Voltou o cansaço mas esse ainda não se revela de rastos, pois nem sabe por onde começar. Voltar a pensar é fácil, recomeçar a caminhada é simples... Mas nunca me vi capaz de seguir o trilho que tinha delineado, ou acompanhar um pensamento por tempo ilimitado... Perco-me do caminho, abandono o que pensava... Caminho perdido, penso cansado. 
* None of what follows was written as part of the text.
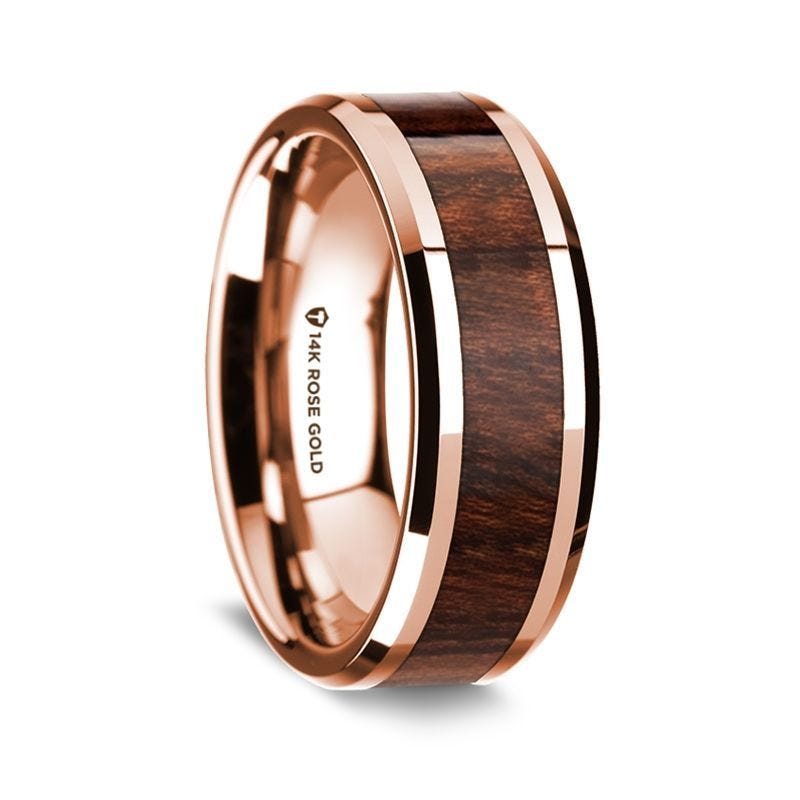 14K Rose Gold Polished Beveled Edges Wedding Ring with Carpathian Inlay - 8 mm

Mas no meio de tudo isso sentia algo, sabia que estava ali, que estava acordado... Agora, faço-me para abandonar este fardo, este vazio que quis meu mas que o quero apenas emprestado, cansei-me... Cansei-me de não estar cansado!

 

 

12.Nov.18

Eterno

Hoje observei as árvores,

As suas toscas formalidades

As suas folhas caídas, as mais resistentes num suspenso cansado,

E o pensamento que me atingiu foi o das suas idades.

 

Anciãs da natureza,  como as nascentes e as pedras,

Estas guardam sabedoria.

Nas árvores há vida, e há o tempo que a prolonga

E elucide que a existência só não predomina.

 

Num abraço ancestral o novo galho ramifica-se

E, das suas raízes, bebe o conhecimento da vida

Prologando assim o curso natural da própria natureza

Que é em existir plena.

 

O homem perdeu a sua linhagem

E o que perdurou foi a malícia...

Abandonou a sabedoria antiga por mera luxuria

Vendendo o passado pensando alcançar o futuro...

 

A árvore vive eterna nas mais antigas eternidades,

Pois o homem, assim como Júlio César, viu, veio e venceu...

Mas ficou sem nada.

Resta-nos uma vida assombrada, pelos fantasmas que deixámos ignorados...

 

O aperto que sentimos no peito

É a natureza a chamar-nos...

 

As árvores, são como a eterna saudade;

Ramificam-se, espalham-se, morrem e renascem

Tudo a partir das mesmas sementes

Em que foram criadas

 

05.Nov.18

Há mar

O quão aprendo que se torna em nada... Que quero fazer, onde quero ir? Pergunto-me tantas vezes que me esqueço de avançar. 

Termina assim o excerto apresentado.